Antonio Di Benedetto. Periodista Natalia Gelós Capital Intelectual 184 páginas

La primera capa a la que accede Gelós se apoya en una anécdota infantil (la visita al zoológico y el posterior relato a sus compañeros). Al leerla con lucidez, la autora logra rastrear allí “la curiosidad del periodista, el goce por la inventiva, el juego con la realidad y la manipulación” de los hechos. Es decir, los fundamentos sobre los cuales van a erigirse su obra de ficción y su trabajo como periodista, alimentados en simultáneo por una misma caldera: su pasión por la palabra escrita. Como muestra de esto, el libro incluye un apéndice con notas y crónicas periodísticas que exponen que en algunas plumas la diferencia entre literatura y periodismo sólo corresponde a los anaqueles de las librerías.

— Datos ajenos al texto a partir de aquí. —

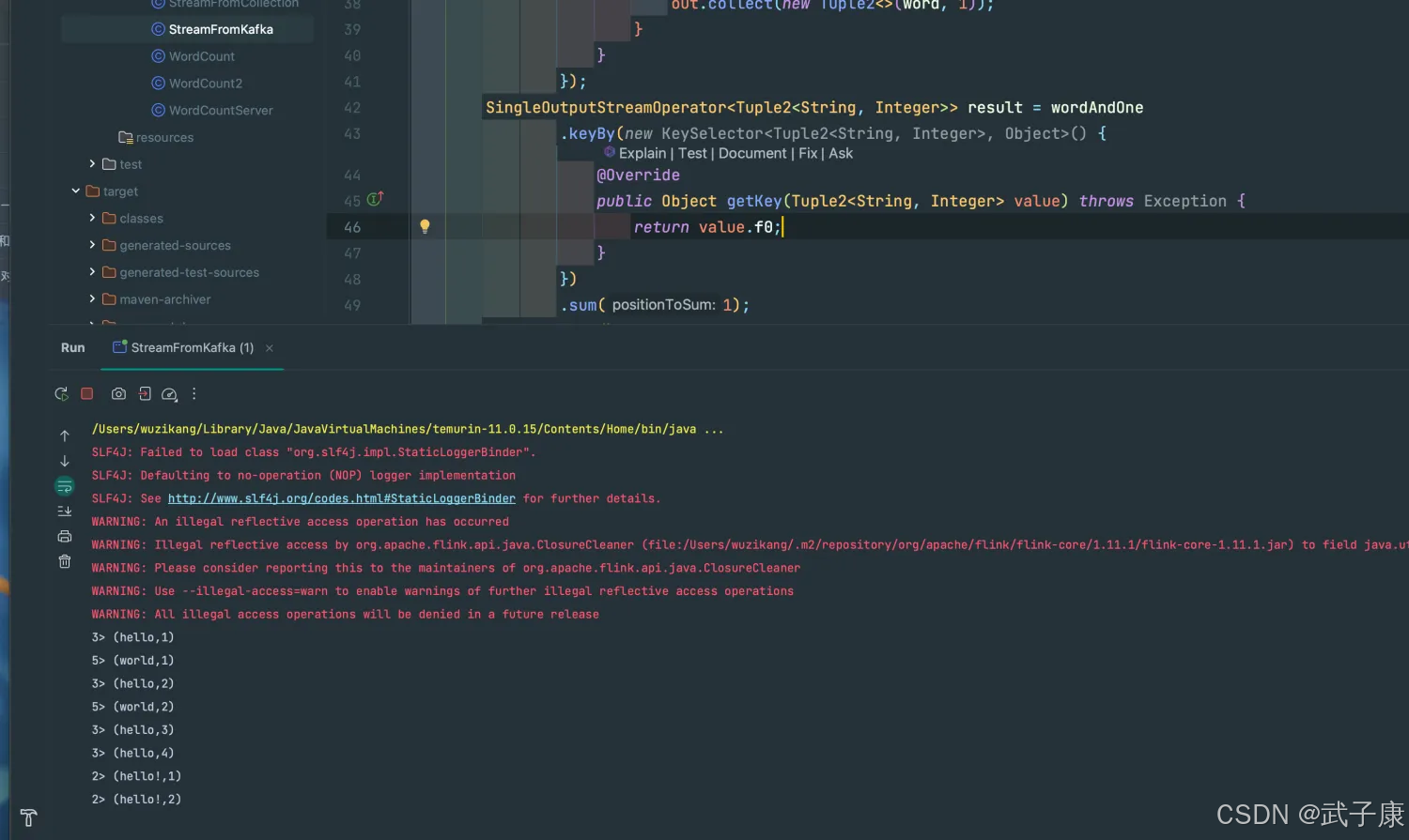 SingleOutputStreamOperator<Tuple2<String, Integer>> wordAndOne = data .flatMap(new FlatMapFunction<String, Tuple2<String, Integer>>() { @Override public void flatMap(String value, Collector<Tuple2<String, Integer>> out) throws Exception { String[] words = value.split(" "); for (String word: words) { out.collect(new Tuple2<>(word, 1)); } } }); SingleOutputStreamOperator<Tuple2<String, Integer>> result = wordAndOne .keyBy(new KeySelector<Tuple2<String, Integer>, Object>() { @Override public Object getKey(Tuple2<String, Integer> value) throws Exception { return value.f0; } }) .sum(1); result.print(); env.execute("StreamFromKafka"); }

El libro, además de los hechos fácticos, hace visible una ética profesional –como periodista– que deviene compromiso político por las circunstancias históricas. En otras palabras, Di Benedetto no era un intelectual sartreano –como podían llegar a serlo David Viñas o Nicolás Casullo–, tampoco un intelectual militante –como Rodolfo Walsh o Paco Urondo, guiados por una convicción, una labor, una búsqueda–. En Di Benedetto, en cambio, el compromiso político se descubre –o aparece– por instinto, como si –pese a él– hubiera publicado varias tapas que salvaron a militantes o denunciado atropellos que practicaba y auguraba la Triple A. Es un compromiso ingenuo, esencial, humano que percibe la amenaza a sus ideas republicanas y demócratas. Ingenuo porque va a “pedir explicaciones” en la cueva que era el Ministerio del Interior, gobernado por el padre de la actual princesa de Holanda. Ingenuo porque no entiende las causas de su cautiverio. Ingenuo, sí, pero no por ello menos valiente.

Antonio Di Benedetto Periodista lleva un subtítulo sugestivo: “Una historia que pone en tela de juicio el rol de la profesión”. Como toda buena biografía, la historia que se cuenta excede la vida de la persona y nos habla de los avatares de toda una época. Y, en cierto sentido, leído a la luz del estallido del periodismo argentino en la actualidad, también ayuda como brújula para seguir pensando a la profesión más allá de lo superfluo del día a día.